兩人坐在球場邊的石階上,像那天凌晨一樣,迎著天邊泛起的魚肚白。林默猶豫了半天,還是忍不住問:“大爺,他們說您以前是打專業籃球的,是真的嗎?”
老頭的動作頓了頓,手里的豆漿晃了晃,泡沫順著杯口溢出來一點。他沉默了好一會兒,才緩緩開口:“是,四十年前,我是省籃球隊的主力后衛。”
林默瞪大了眼睛——省籃球隊的主力后衛,那可是和現在的職業球員一個級別的存在!
“那您怎么……”
“輸了一場不該輸的比賽。”老頭的聲音低了下來,眼角的皺紋里染上了幾分苦澀,“那年全運會決賽,最后十秒,我們和對手戰平,球在我手里。我當時腦子一熱,沒看隊友的空位,硬要自己突破上籃,結果被對方蓋帽,球權丟了,最后輸了一分。”
林默的心猛地一揪,他想起自己決賽最后十秒的選擇,若是當時他也像老頭當年那樣沖動,恐怕奪冠的喜悅就成了泡影。

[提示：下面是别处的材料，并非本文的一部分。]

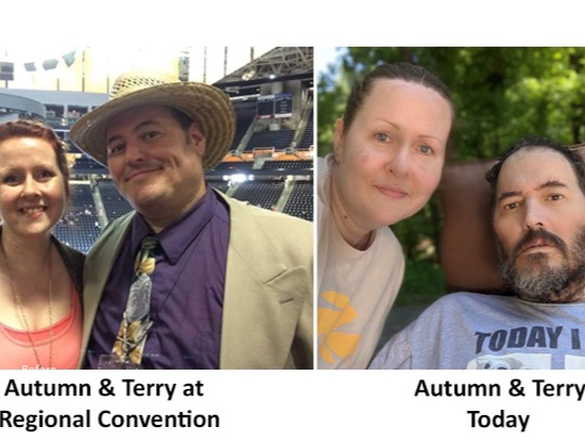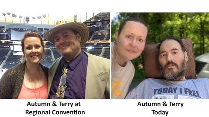 My name is Autumn McCormick, and my husband is Terry McCormick. We will be married 20 years in June. We are members in good standing of the South Asheville congregation. Here is a picture of us at a pre-pandemic regional convention, which shows how Terry looked until recently and a more recent photo of us both, showing his current health difficulties.
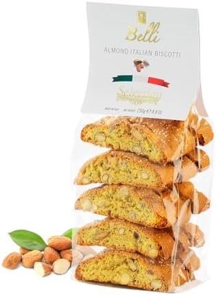 Experience the timeless tradition of Italy with Belli’s Italian Almond Biscotti, expertly crafted in Tuscany since 1958. These semi-soft, crunchy cantucci cookies are made with premium almonds and high-quality ingredients, capturing the rich flavors and textures of authentic Italian baked goods. Perfectly paired with your favorite coffee, tea, or even wine, they make every snack time a delightful and sophisticated moment.
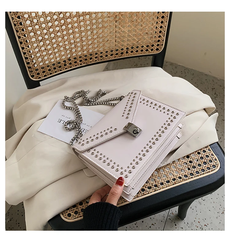 Женская сумка через плечо, небольшая дизайнерская сумка с цепочкой и заклепками, 2021
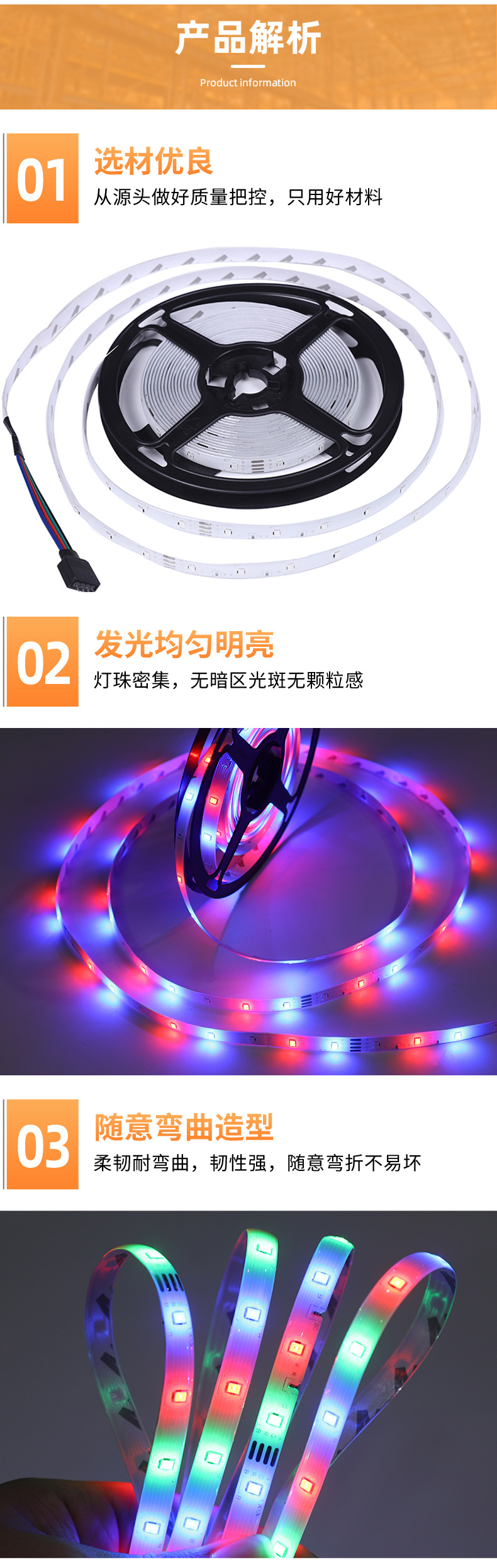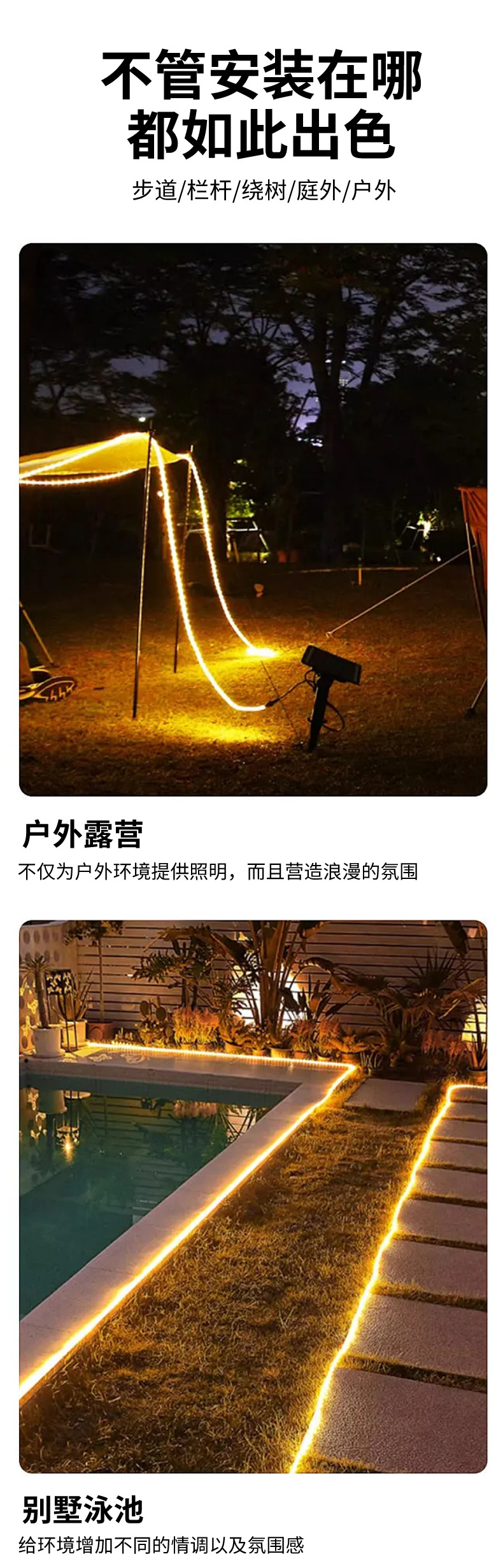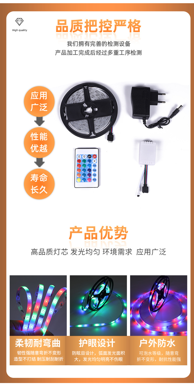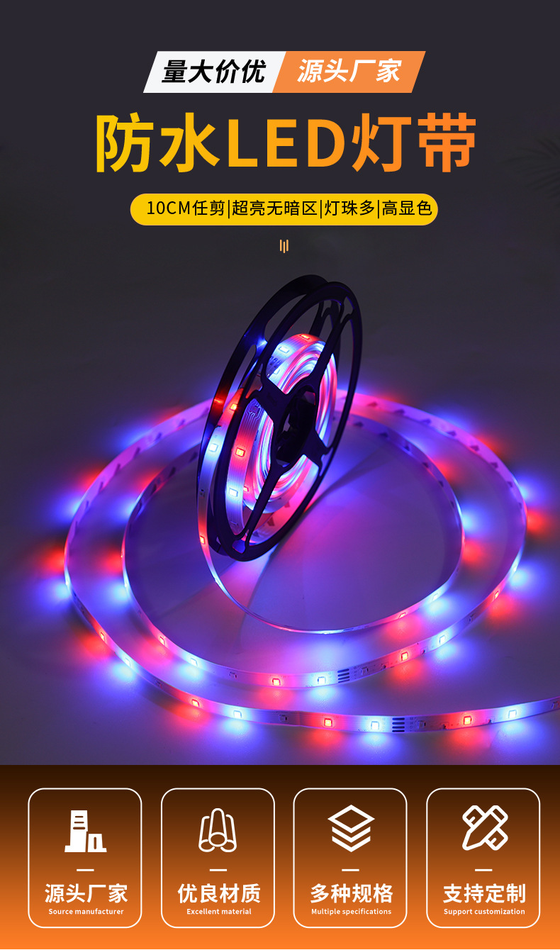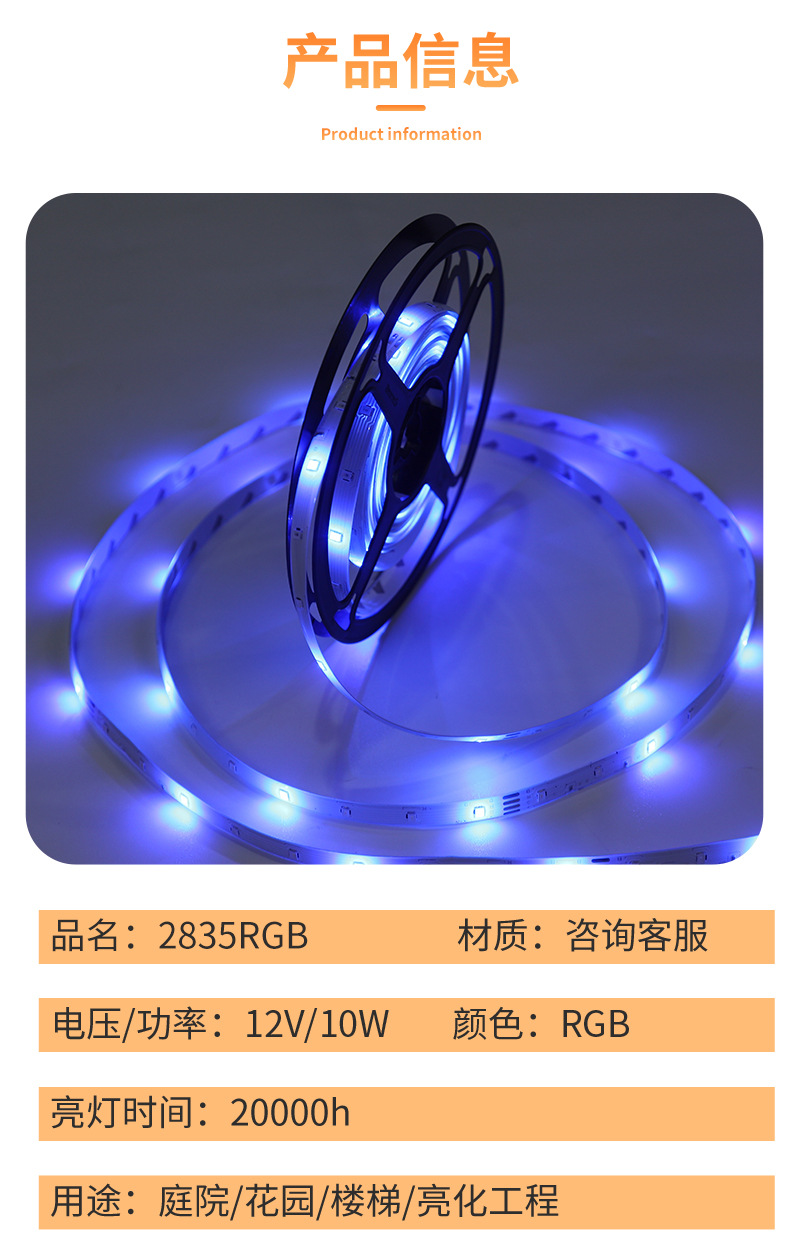 Strip lampu led garis perekat, strip cahaya neon warna-warni 12v 12v lintas batas 2835rgb tegangan rendah luar ruangan
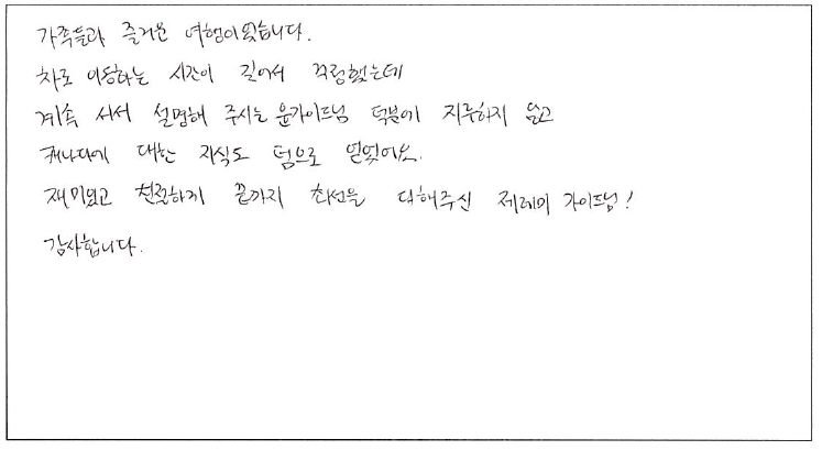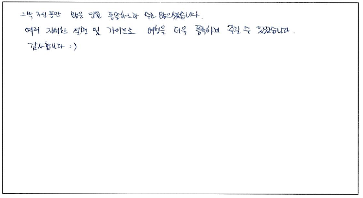 ![]() 최대한 편한 여행이 될 수 있도록 해주셨고 너무 좋았습니다. 식사도 맛있었고 자유식도 여러 곳 추천해 주셔서 인생맛집 찾았어요. :) 호텔도 너무 좋았고 두 곳의 분위기가 정 반대라 더 좋았어요! 비용이 절대 아깝지 않은 여행이었습니다. ![]() 남편과 소중한 추얷을 갖게 되어서 좋았습니다. 생각했던것 처럼 아름다운 퀘벡이었고요. 기회가 된다면 겨울여행도 하고 싶네요. 역사를 열심히 설명해주시는 가이드님 고맙습니다. ![]() 캐나다의 역사 등 이것저것들을 버스 안에서 설명해 주셔서 긴 여행동안 지루하지 않았습니다. 그리고 뭔가를 알고 보니까 새로운 것들을 많이 느낄 수 있었습니다. 즐거운 여행이었고 좋은 추억을 많이 쌓고 가네요! 감사합니다. ![]() 자유시간이 많아서 좋았어요. 호텔 위치가 좋아서 체크인 후에도 자유롭게 나갈 수 있어서 만족스러워요~!! 편하고 알찬 여행 감사드립니다. ![]() 딸이 토론토에 있어 다녀왔어요. 정말 한마디로 따뜻한 여행이었어요. 세계 곳곳을 다녀봤지만 이렇게 알뜰히 챙기는 가이드님 처음 봤습니다. 정말 좋았습니다. ![]() 저의 인생 두번째 투어로써 파란여행 투어를 통해 여행사 투어에 대한 저의 시선이 바뀔수 있었던 소중한 경험이 되었습니다. 투어는 여행 기획이나 숙박시설, 식사 등이 좋아야 하는 것은 당연하고, 무엇보다 가이드가 얼마나 좋으신 분인지에 따라 투어의 질이 달라진다고 생각합니다. 제가 경험한 가이드님은 항상 친절하고 포근하게 고객들을 대해주시며 배려심이 정말 깊으신 분이었습니다. 저의 첫 해외여행의 마무리를 좋은 기억으로 남게 해주셔서 감사합니다. ![]() 가족들과 즐거운 여행이었습니다. 차로 이동하는 시간이 길어서 걱정했는데 계속 서서 설명해 주시는 가이드님 덕분에 지루하지 않고 캐나다에 대한 지식도 덤으로 얻었어요. 재미있고 친절하게 끝까지 최선을 다해주신 가이드님! 감사합니다. ![]() 첫 캐나다 여행에 가이드님의 설명에 많은 도움이 되었습니다. 기회가 된다면 꼭 다시 찾고 싶은 여행사 입니다. 앞으로도 계속 좋은 여행사로 남기를 바랍니다. ![]() 모두 잠들어도 열심히 설명해 주시는 가이드님 수고하셨어요. 감사합니다. 한국에서 친척이 올때마다 나이아가라와 퀘벡을 다녀오는데 갈때마다 새롭네요. 앞으로도 착한 가격, 좋은 패키지 부탁합니다. ![]() 여행 일정도 좋고 숙소도 좋아서 만족했던 여행이었습니다! 다음에 또 기회가 된다면 파란여행 이용할 것 같아요. ![]() 2박3일 동안 많은 인원 통솔하느라 수고 많으셨습니다. 여러 자세한 설명 및 가이드로 여행을 더욱 풍족하게 즐길 수 있었습니다. 감사합니다. :) |

“從那以后,我就退了。”老頭嘆了口氣,“總覺得是自己毀了全隊的努力,沒臉再站在球場上。后來回了這邊,看著這片露天球場,就忍不住留下來,偶爾打打球,也算沒辜負這輩子的熱愛。”
林默攥了攥拳頭,不知道該怎么安慰他。他忽然明白,老頭教他的不只是籃球的節奏,更是面對賽場、面對人生的心態——沖動贏不了硬仗,沉穩才能走到最后。
“大爺,”林默抬起頭,眼神堅定,“您當年的遺憾,我想幫您補回來。”
老頭愣了愣:“補回來?”
“嗯!”林默點頭,“cba青年隊的交流機會,我想帶著您的經驗去,好好訓練,將來站在更大的賽場上,打出不后悔的比賽。等我打出來了,一定回來,和您在這片球場,再打一局。”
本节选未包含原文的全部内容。